Principle goal: to investigate existing data placement strategies and build a decision model to improve data placement strategies in enacting data-intensive workflow.
It is widely recognised that data-intensive methods are transforming the way research is conducted, as recognised in The Fourth Paradigm [2]. Challenges arise in handling large-scale data-intensive research that involve running computations across institutions and continents, where the data can be heterogeneous (e.g., relational database, XML, physical files from various filesystems such as HDFS, NFS) and scattered in geographically distributed locations. Dealing with the complexity and heterogeneity of these data requires carefully planned data management strategies.

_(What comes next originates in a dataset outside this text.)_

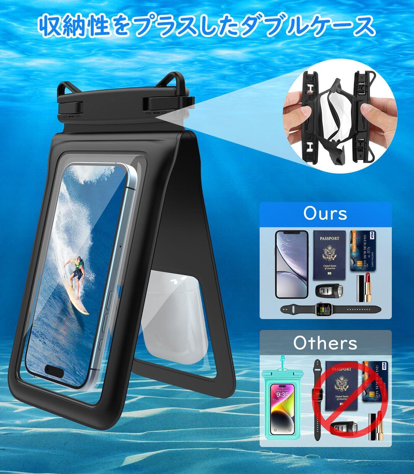 「収納性にプラスしたダブルケース仕様」スマホを装着するケース以外にもう一つのケースを設けてあり、同じくスマホも収納できる他、貴重品のクレジットカード、現金、鍵などの小物もスマホと共に身元に保管できるダブルケース仕様に仕上がっております。貴重品の紛失に心配いらなくなり、より快く水遊びをお楽しみいただけます。

This proposal focuses on one of the data management issues: data placement, and attempts to answer the following research questions.
- What are the decisions involved in data placement?

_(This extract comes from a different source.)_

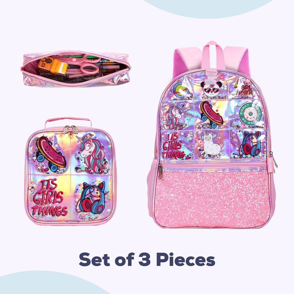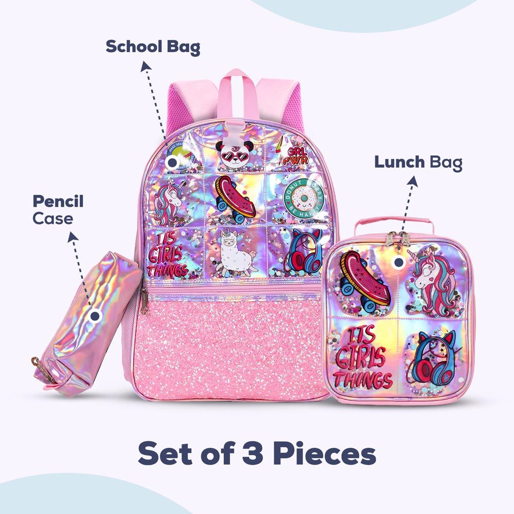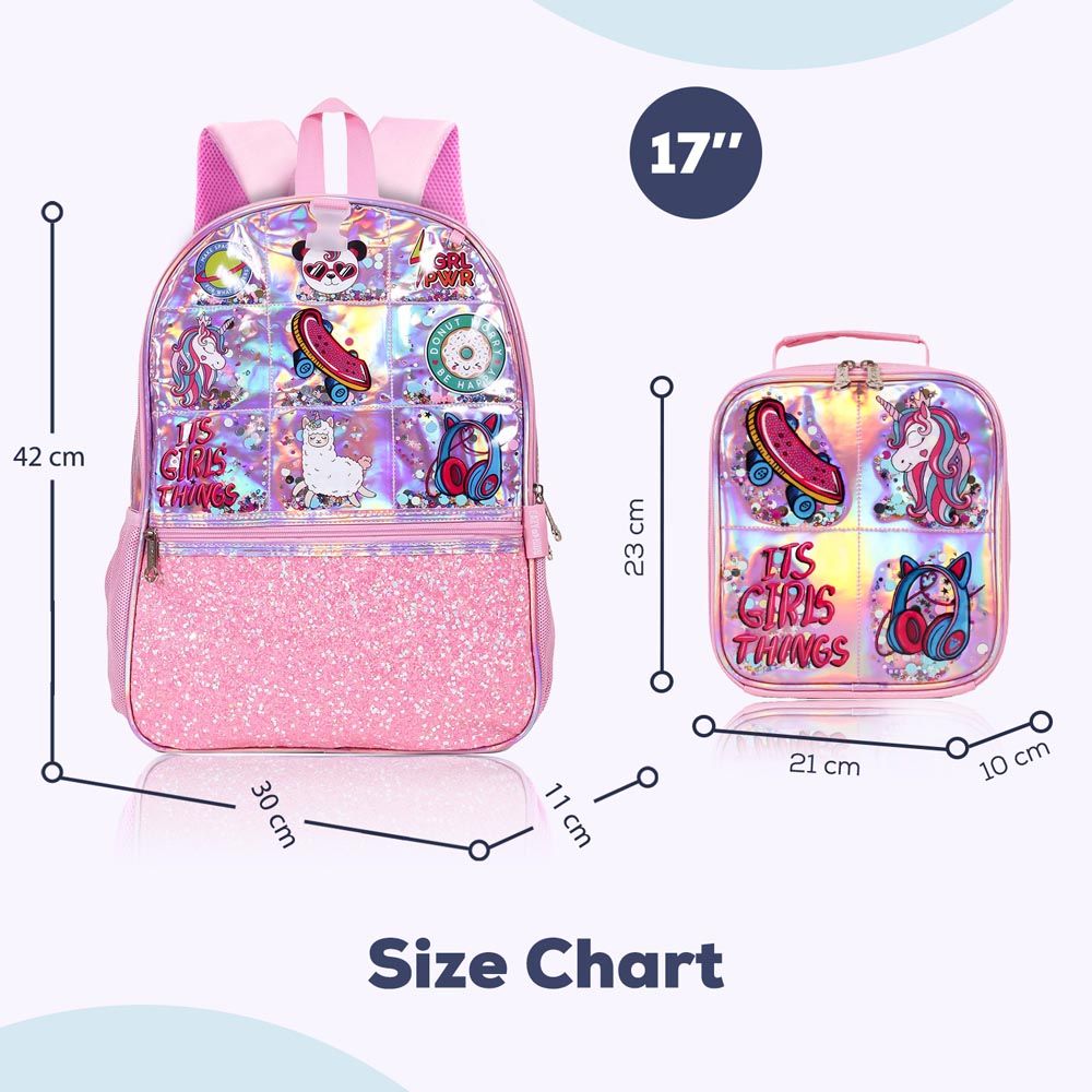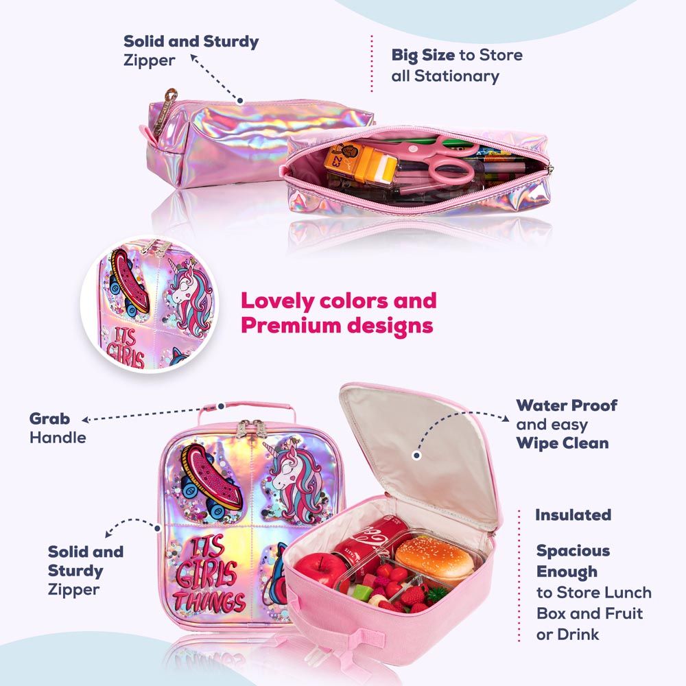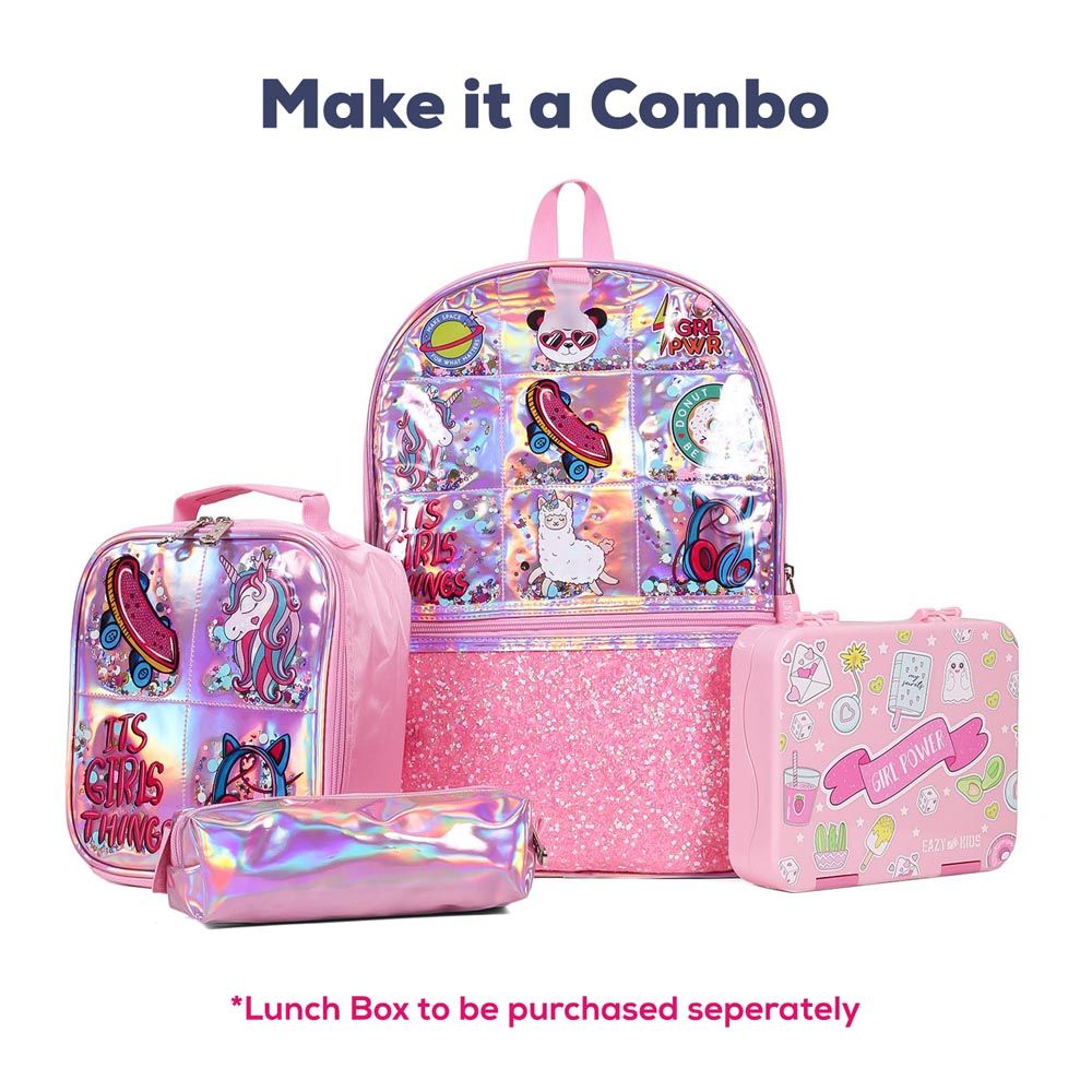 The Eazy Kids Girl Things Backpack Set (17 inch) offers both style and function with a bold, playful design. This 3-piece set includes a roomy backpack with multiple pockets for school essentials, a matching insulated lunch bag to keep meals fresh, and a pencil case for neat organization. Designed with padded straps and durable materials, it ensures comfortable wear and long-lasting use for daily school activities.

- What are the data properties that influence the decisions of data placement?
- How to assess the strategy in making these decisions?
You will study existing workflow systems (e.g. Kepler, Pegasus) or platforms that support large-scale data analysis (e.g. Apache Pig, Microsoft Dryad, Meandre) to establish the fundamental knowledge of data management related issues in handling data-intensive workflows, and construct a model to predict the performance of data placement decision. You will then test the model with workflows constructed from use real world use cases in an existing project called ADMIRE [1]. The challenge is to show how the variation of data placement strategies influences the execution performance of workflows. A successful project would devise a model to assist data placement decision that improves the performance of executing data-intensive workflows.